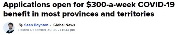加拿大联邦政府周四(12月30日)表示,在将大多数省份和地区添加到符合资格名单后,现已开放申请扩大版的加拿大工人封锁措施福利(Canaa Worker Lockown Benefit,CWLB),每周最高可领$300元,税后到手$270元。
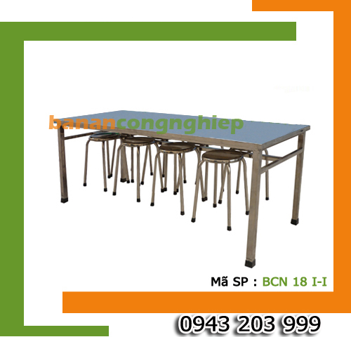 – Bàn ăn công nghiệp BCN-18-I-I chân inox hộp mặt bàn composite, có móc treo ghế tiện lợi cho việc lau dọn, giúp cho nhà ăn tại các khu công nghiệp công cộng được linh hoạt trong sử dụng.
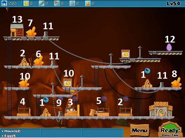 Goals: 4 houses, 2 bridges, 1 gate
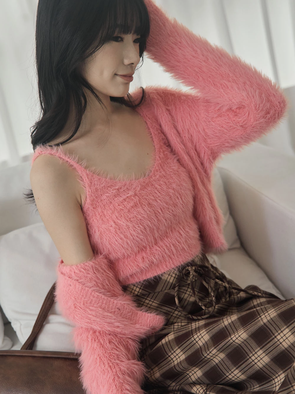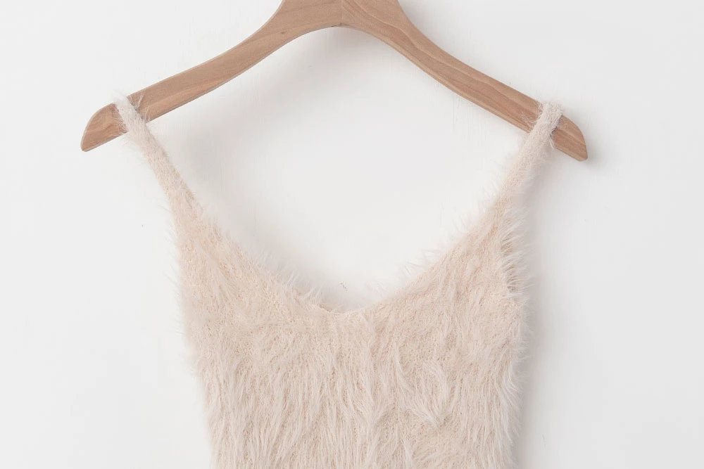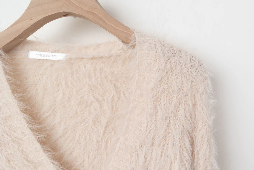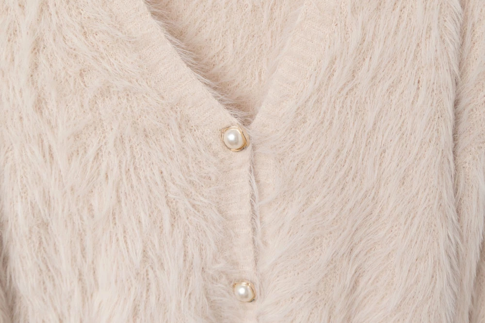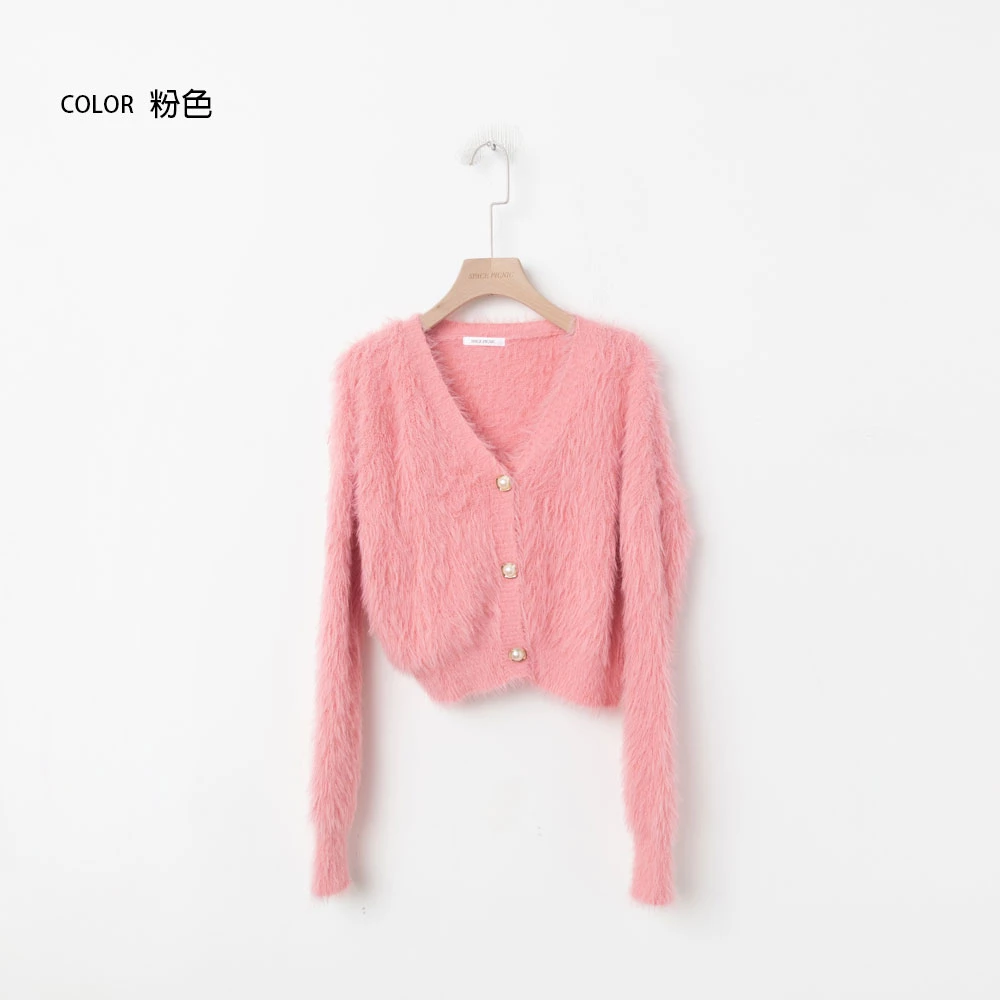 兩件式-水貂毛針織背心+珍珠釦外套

* * * * * * *

__Problem description__
Without the pictures, retype all of the data above exactly.

__Exercise result__
加拿大联邦政府周四(12月30日)表示,在将大多数省份和地区添加到符合资格名单后,现已开放申请扩大版的加拿大工人封锁措施福利(Canaa Worker Lockown Benefit,CWLB),每周最高可领$300元,税后到手$270元。
 – Bàn ăn công nghiệp BCN-18-I-I chân inox hộp mặt bàn composite, có móc treo ghế tiện lợi cho việc lau dọn, giúp cho nhà ăn tại các khu công nghiệp công cộng được linh hoạt trong sử dụng.
 Goals: 4 houses, 2 bridges, 1 gate
 兩件式-水貂毛針織背心+珍珠釦外套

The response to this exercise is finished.